Carousel is free, and leverages whatever Dropbox storage you have. (The company starts new users off with 2GB, doles out additional space for referrals and offers paid accounts starting at 100GB for $99 a year.) I asked Underwood whether the company had ruled out the idea of making money by targeting users with ads, and though he said that such decisions are made by others at the company, he told me that it’s not part of the plan: “Advertising is not something we’ve approached — at Dropbox, our customer is our user.”

In theory, you’d think that by 2014, some other company would have solved photo storage and sharing. But although there are an infinite number of ways to do it, from Flickr to Facebook, there’s no definitive, market-dominating contender — especially for the images you want to hold onto forever. “It’s a very hard problem to solve,” says Underwood. “There’s a lot of pieces you have to get right to get that simple, delightful experience. The sheer volume of content we’re processing is mind-boggling. It’s more of a challenge than most small teams are up for.”

As with every other photo-storing service, when I think about Carousel, I start to wonder if it’ll be around for decades, as you’d want any repository for your most important memories to be.
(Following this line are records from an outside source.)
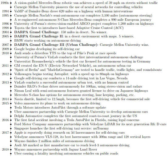 - History of Autonomous Cars. Available online: https://en.wikipedia.org/wiki/History_of_self-driving_cars (accessed on 10 June 2020).
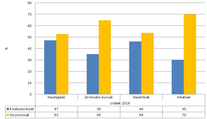 Udalei dagokienez, oraindik ere jarraitu egiten du alkatetzetako desorekak gizonen eta emakumeen artean, eta % 30 eta % 70 artean zenbatesten da 2019rako.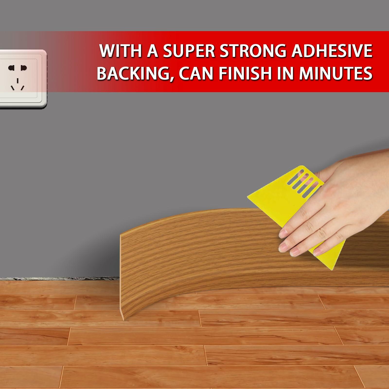 - Self-adhesive Design: this flexible peel and stick vinyl baseboard with a strong adhesive backing is very convenient to complete the installation. Note: If the temperature is below 68℉, please use a hair dryer to heat the adhesive before sticking it to the wall.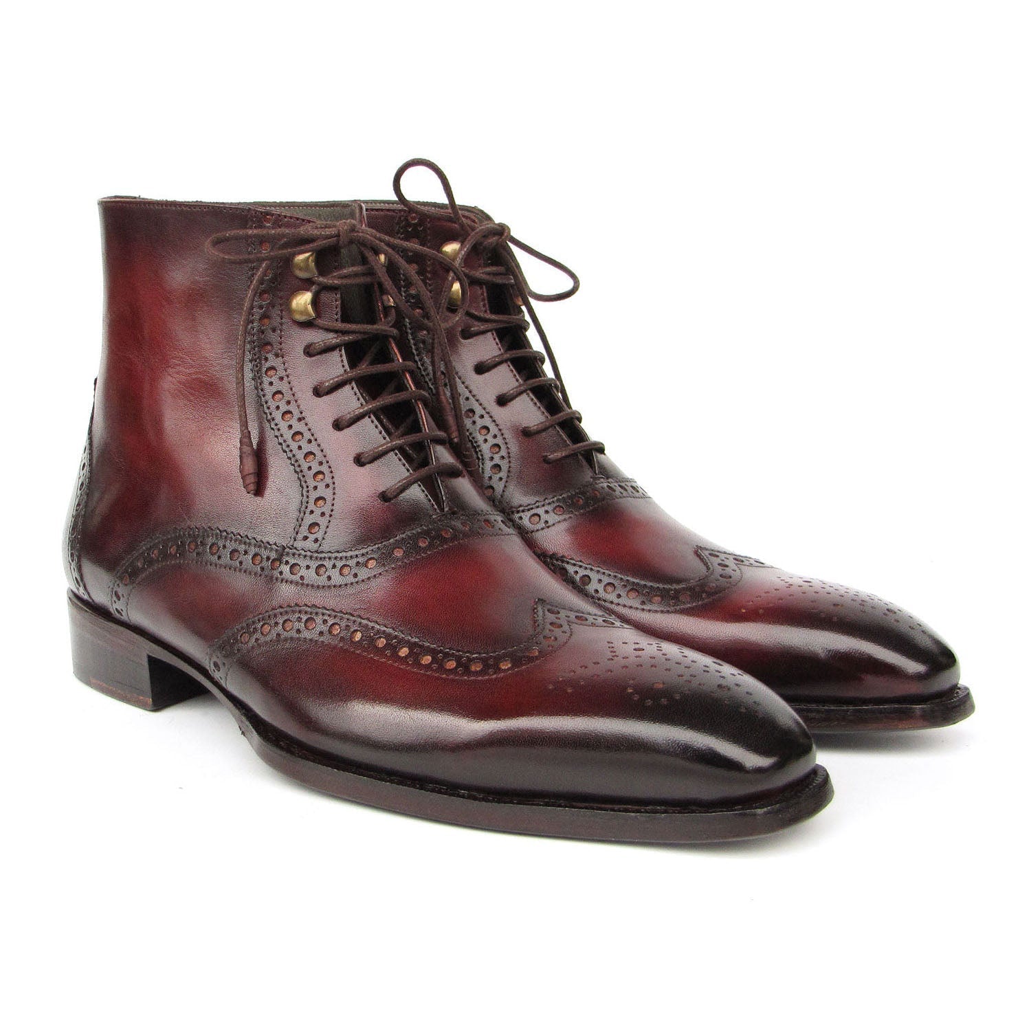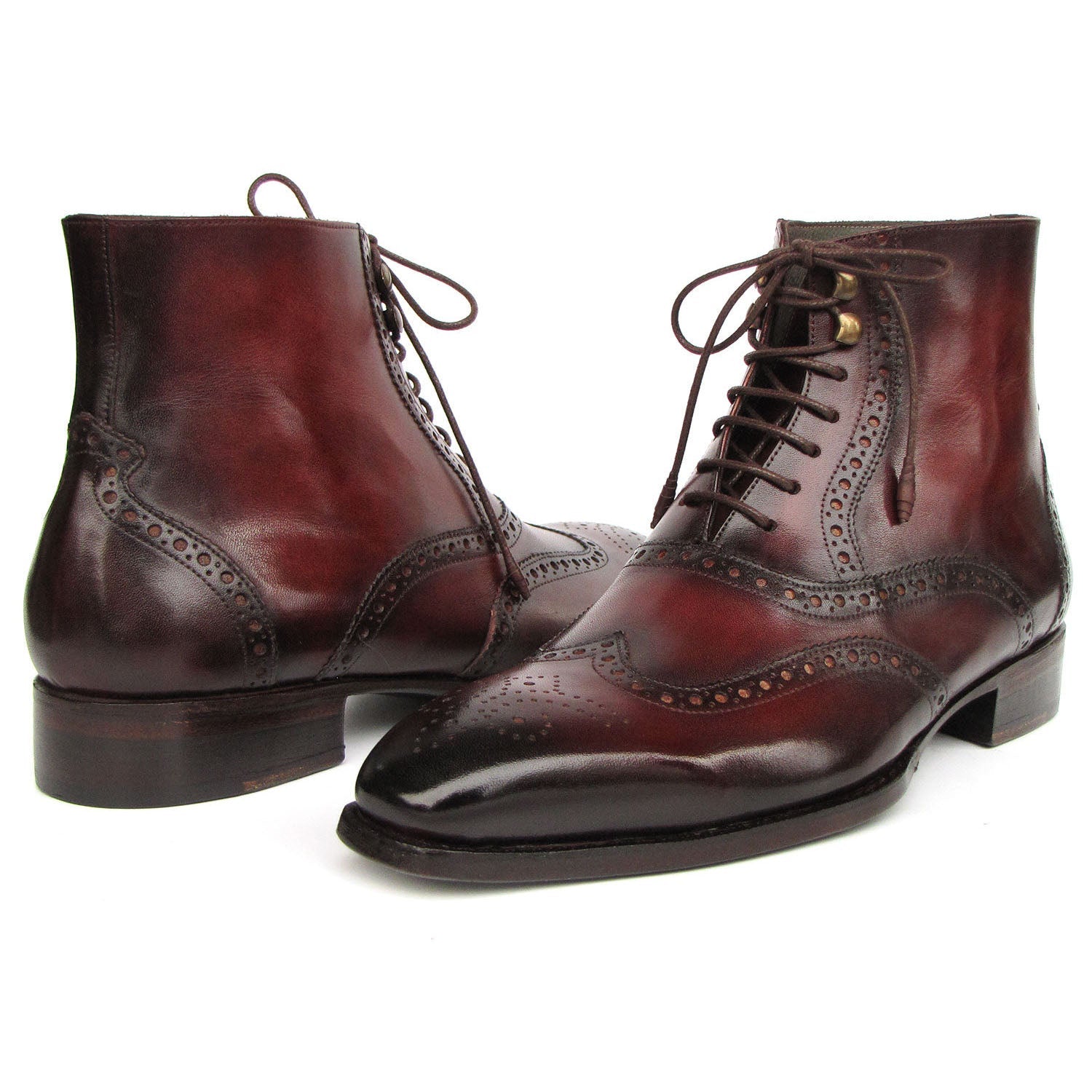 - Paul Parkman BT4861-BRD Men's Shoes Brown Burnished Leather Goodyear Welted Wingtip Boots (PM6407)

I make no predictions. But Dropbox is in a better place to offer this sort of service than most other companies. Unlike photo-centric startups such as Everpix, it’s a well-funded, established business that’s in no danger of collapsing. And it makes money by charging users, setting it apart from advertising-dependent companies like Facebook and Google, which tend to see your digital possessions as big data they can mine.

More thoughts once I’ve used Carousel to explore all the photos that are already sitting in my Dropbox. If you try the app, I’d love to know your impressions.